Towards Hierarchical Affiliation Resolution

Framework, Baselines, Dataset

Alternative Visualizations / JSON

Within the framework, our general approach is quite versatile.

In the paper, we have presented a conservative baseline for conflation that has the convenient properties of being order-invariant, not requiring observation counts and practically never merging too much. However it was noted that in its conservatism, it does not merge many nodes that actually belong to the same organizational branch.

Below we visualize an alternative conflation process that uses edge weights computed dynamically from observation counts (including discounting observation mass to lower branches).

In the header of each node are given numbers: obs (obs') | car (car')

obs: original observation count (number of mentions represented by this node)

car: original carry count (number of mentions represented by this node or by a specification)

obs': observation count at current state of discounting

car' carry count at current state of discounting

The visualizations are not shown to introduce and explain the above mentioned conflation method but simply to underline the versatility and potential of our framework.

Correspondingly, we also present a number of JSON output files including the original affiliation strings and their frequency for each representation.

As JSON is a tree structure, we create a redundant tree from each graph that duplicates nodes for each incoming edge in the DAG.

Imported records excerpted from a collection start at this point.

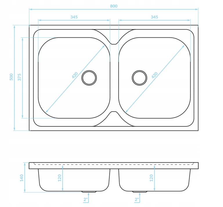 Zlewozmywak stalowy 80x50 - zlew dwukomorowy nakładany na szafkę
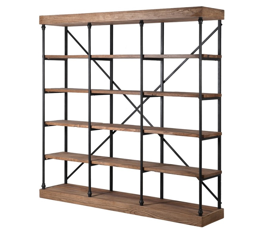 Luxusný industriálny obdĺžnikový regál Masill v rustikálnom štýle z masívneho dreva s čiernou kovovou konštrukciou 213 cm
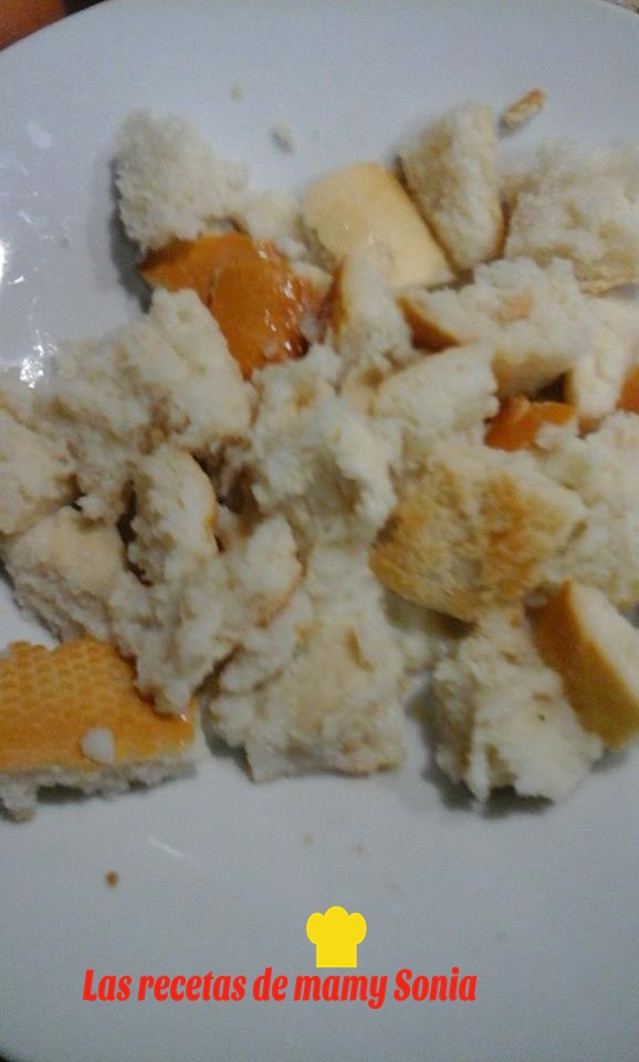 Ponemos en remojo las rebanadas cortadas en trocitos.

Please contact the authors if you are interested in more details or want to use the complete output.

German Institutions

International Institutions

Dataset

We have created a small hierarchical evaluation dataset that links the top-level annotation from "the KB disambiguation system" with the GERiT hierarchies. We have also implemented the means for easily extending this dataset by verifying or falsifying automatically suggested links.

The evaluation dataset has the following structure, where each row corresponds to one WoS mention linked to a GERiT node.

  • dfgid: the node identifier in GERiT

  • dfg_de: the German name of the node

  • dfg_en: the English name of the node

  • mentionID: the internal identifier of the WoS affiliation automatically linked to that node

  • PK_KB_INST: the top-level identifier from "the KB disambiguation system"

  • score: a certainty score from the automatic linking process

  • ADDRESS_FULL: the full WoS affiliation string linked to the node

  • ref_string: the above string with the street address removed where possible

  • verified1: Boolean value whether the automatic link was manually verified by a first annotator

  • verified2: Boolean value whether the automatic link was manually verified by a second annotator

Raw Code

At this repository, you can find the current version of our code for the presented framework and methods. It has not yet been cleaned and commented for third party use. Please contact the authors if you are interested in using the code.

Note: The code used for finding minimal elements and connected components during the separation step is currently not included.